Review | ‘The Capulet Black & White Ball’
Westmont’s Welcome Immersive Reinterpretation of Shakespeare’s ‘Romeo and Juliet’ at the Santa Barbara CAW
John Blondell’s latest classic-text adaptation (Romeo and Juliet) brings audience members an immersive theatrical experience at the Community Arts Workshop (CAW) with gritty tableaus that loosely tell the tale of Shakespeare’s tragic romance. In this production by the Westmont theater department, audience members play the part of faceless guests at the Capulet’s black and white ball — the fateful jubilee where Romeo and Juliet meet and commence their doomed affair. (Applause to the audience, who understood the assignment and dressed smartly in black and white!) Here’s hoping that the success of The Capulet Black & White Ball will inspire more artists to experiment with immersive performances in this very cool downtown space.
Blondell’s collage of elements creates an intriguing noir atmosphere, an urban concrete-and-warehouse aesthetic in a non-specific modern age in which wealthy families and their associated street gangs feud unshackled in the streets.
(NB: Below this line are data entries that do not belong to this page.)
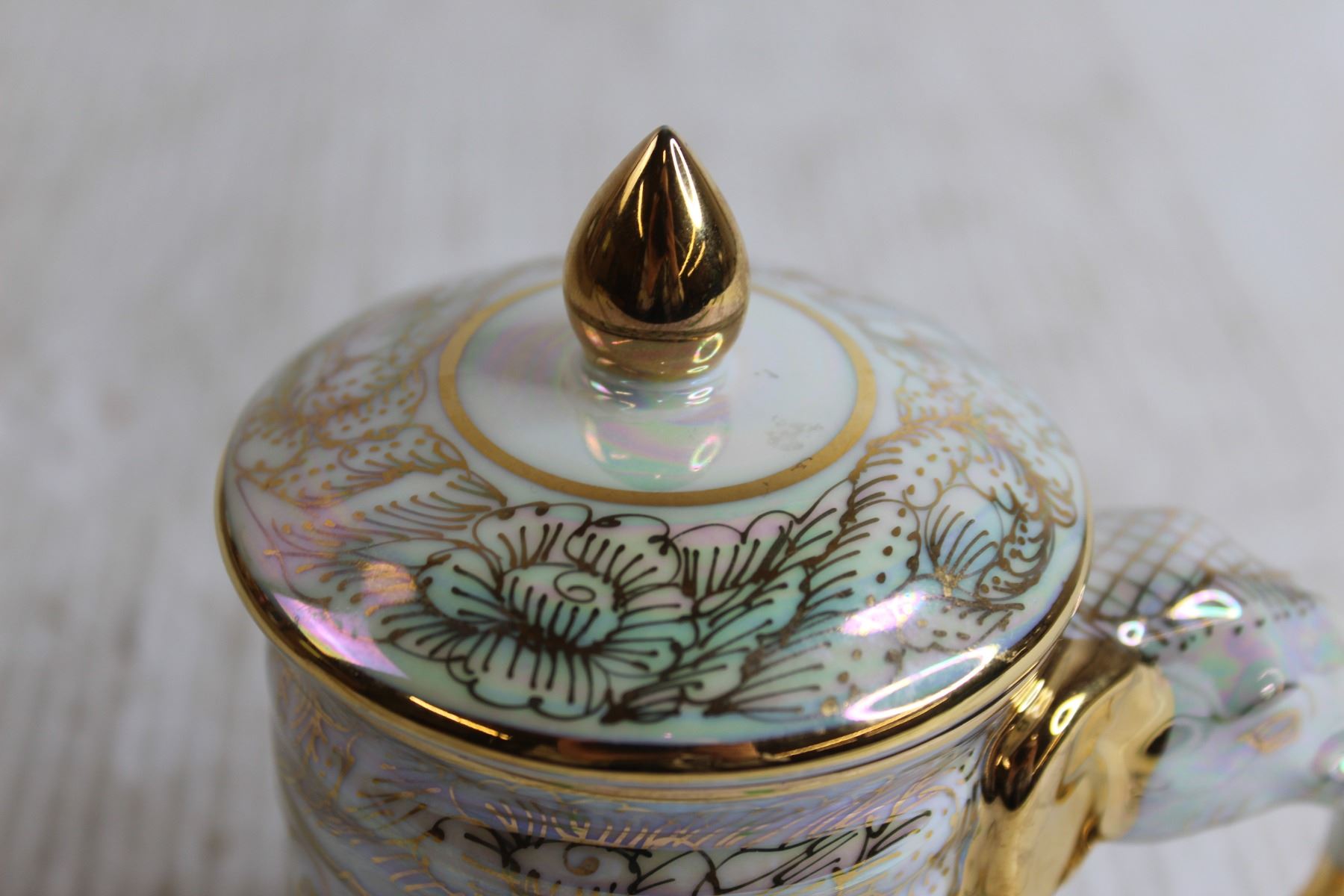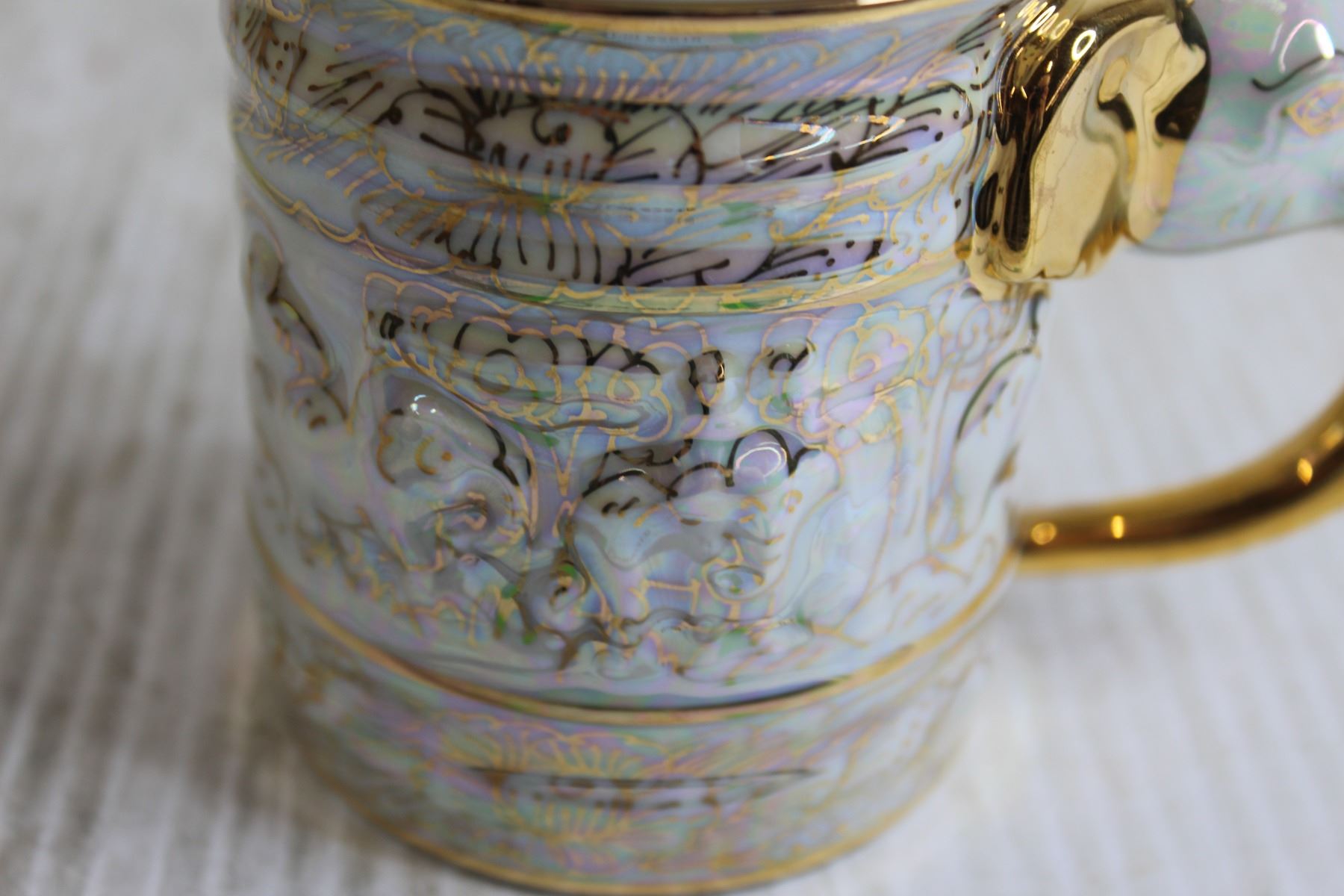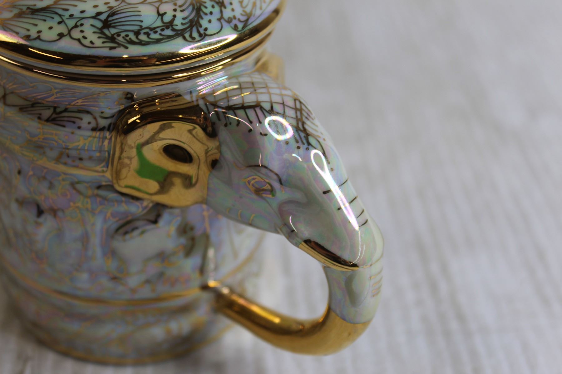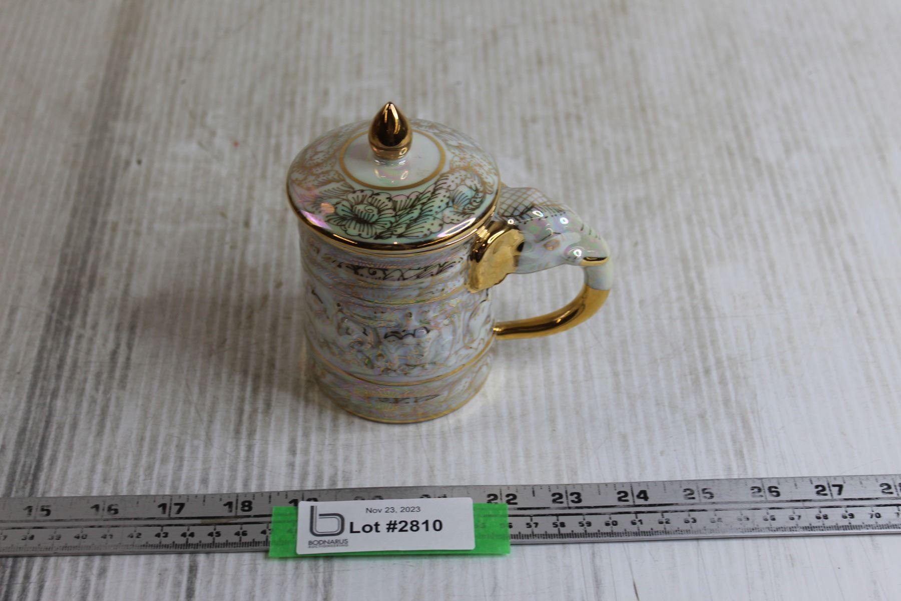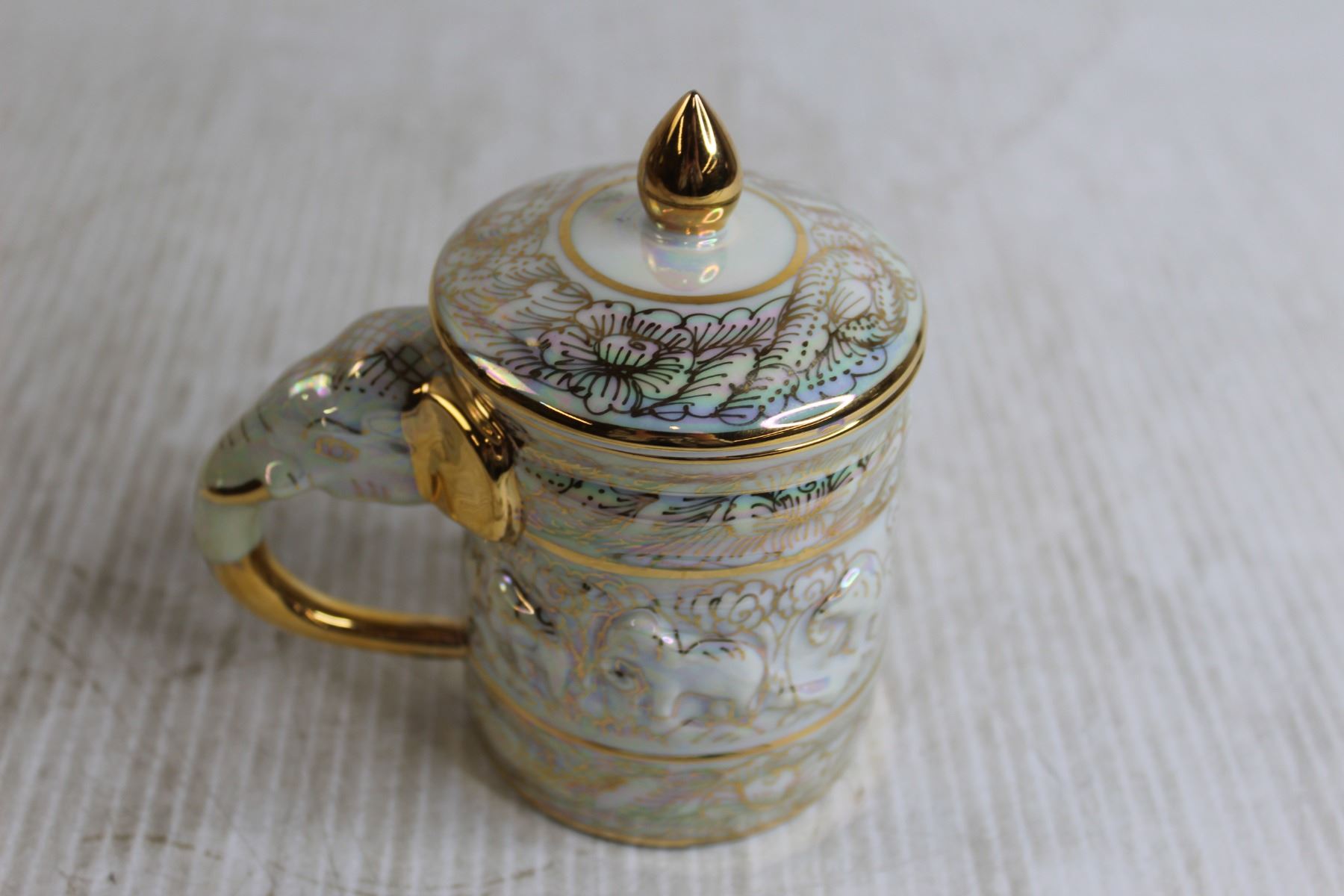 Hand-Decorated Teacup - Embossed Elephants and Handle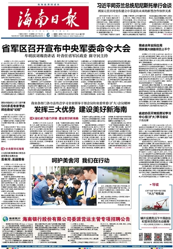 海南日报 头版 001 2017-04-061 2017年04月06日 星期四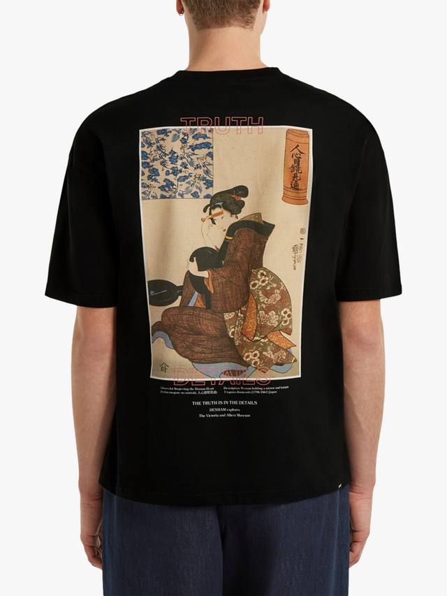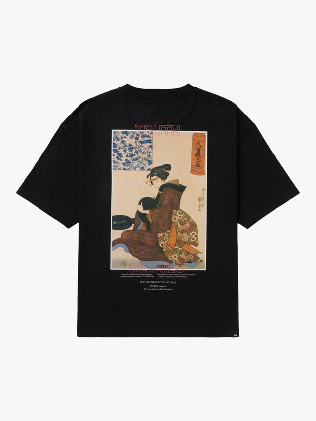 Футболка DVA Jinshin разработана совместно с Музеем Виктории и Альберта. Свободный крой с высококачественной гравюрой на дереве из серии Объектив на сердце человека Утагавы Куниёси.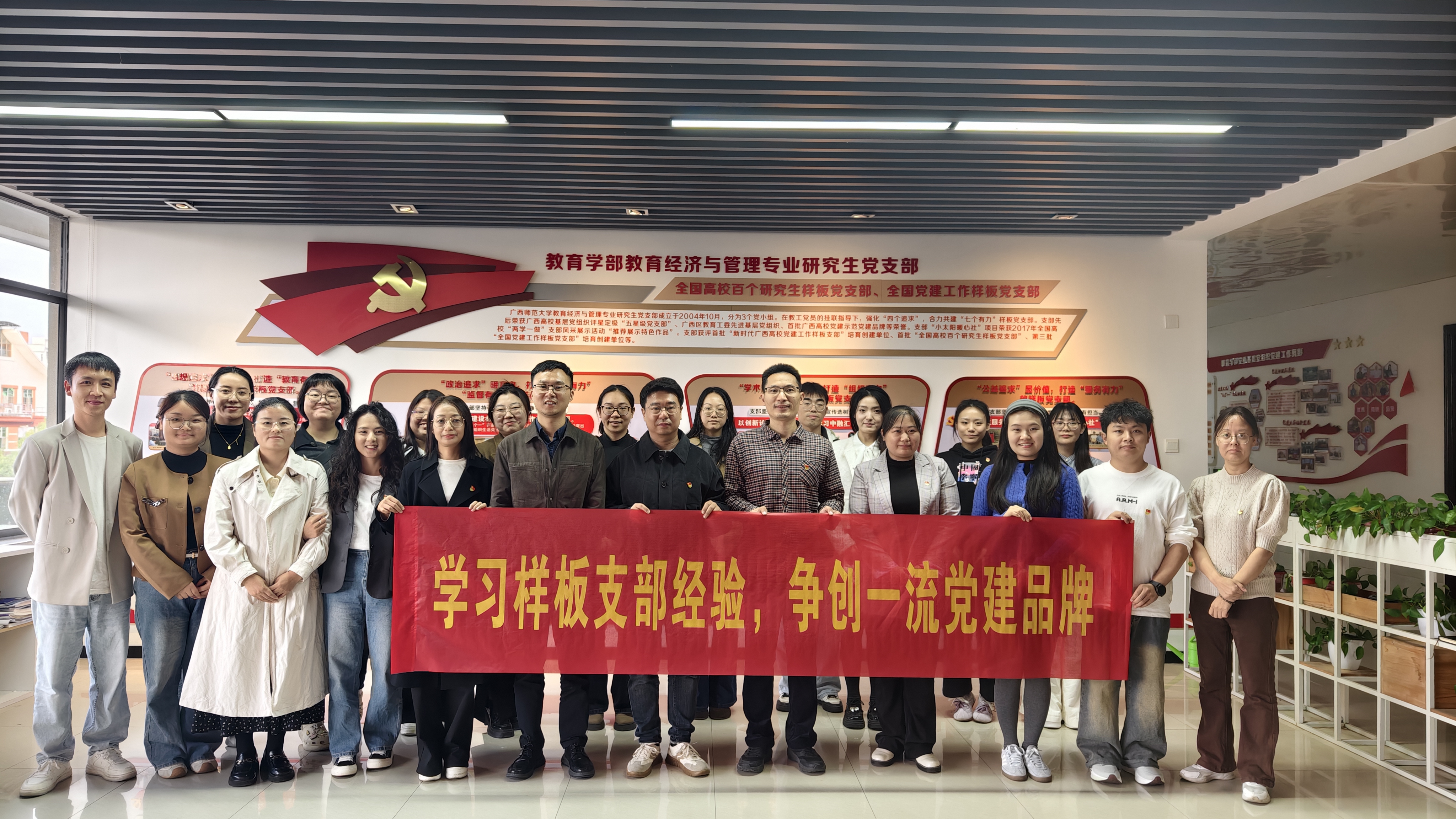为深入贯彻落实教育部新时代高校党建“双创”工作部署和学校党委工作要求,学习借鉴样板党支部建设先进经验,11月14日,我院党总支书记秦磊、副院长尹登科、分团委书记徐远菁同各师生党支部书记和党员代表一行赴广西师范大学教育学部开展样板党支部观摩交流活动。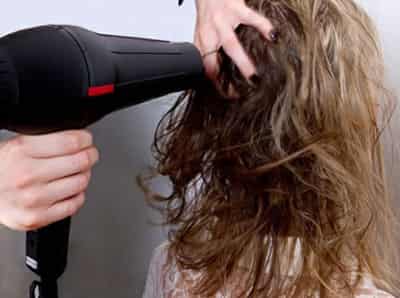 STEP 1:我们现在头发上喷点发胶或者摩斯,再用电风机吹,用来打造这款造型的丰盈度。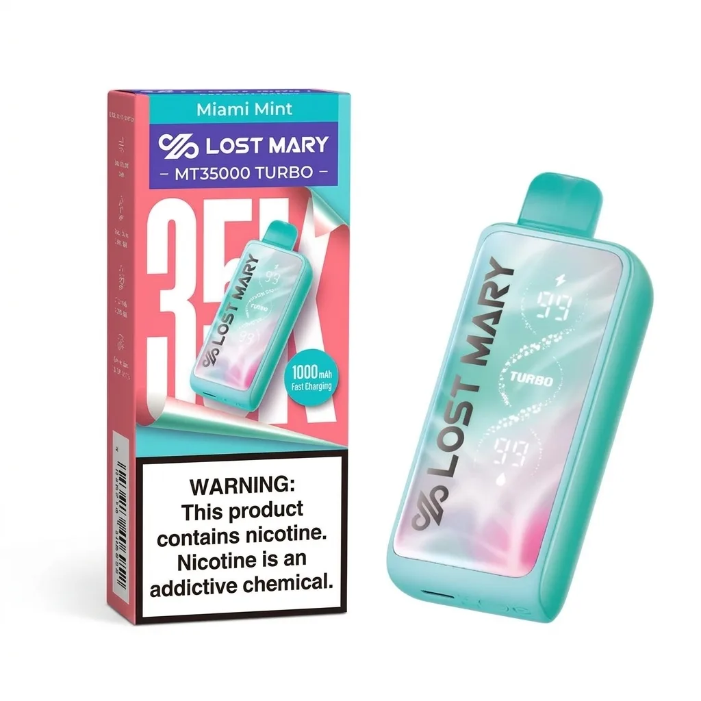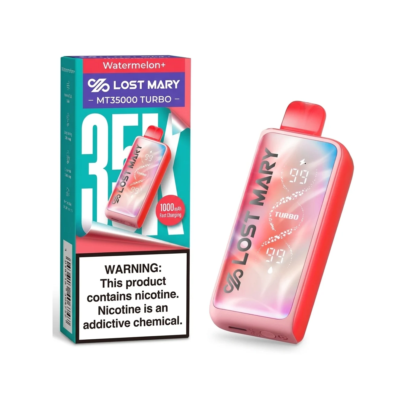 El Lost Mary MT35K Turbo es un vape desechable recargable que viene cargado con 18 ml de e-líquido y hasta 35,000 puffs, lo que lo hace uno de los más duraderos del mercado. Tiene pantalla integrada para ver cuánto líquido y batería te quedan, y trae dos modos: Turbo para más potencia y Smooth para sacar más caladas. Si buscas un vape desechable que dure de verdad, este es.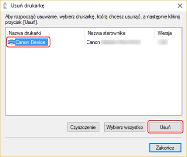 Na ekranie [Usuń drukarkę] kliknij opcję [Zakończ].

Standout moments include the implied brawl between Mercutio, Tybalt, and Romeo, complete with the slow dragging of lead pipes to the fray and dramatic final breaths in the harsh headlights of a parked car. Local jazz band Helios provides the musical backdrop to the unfolding calamity, further coloring the intensity, revelry, and disdain ever-present throughout the story.
The performance features scenes in a variety of locations throughout CAW, and audience members follow the action on foot. Romeo and Juliet in its purest form is lovely, but it’s been seen and experienced to death. Audiences know the show well enough to follow the plot of the teenagers’ lives unraveling, even with much of the text replaced by conceptual action. The Capulet Black & White Ball feels edgy without losing Shakespeare’s original poetry, a bygone language that roots the audience in the reality that weathering the passions between warring neighbors is a timeless requirement of the human experience.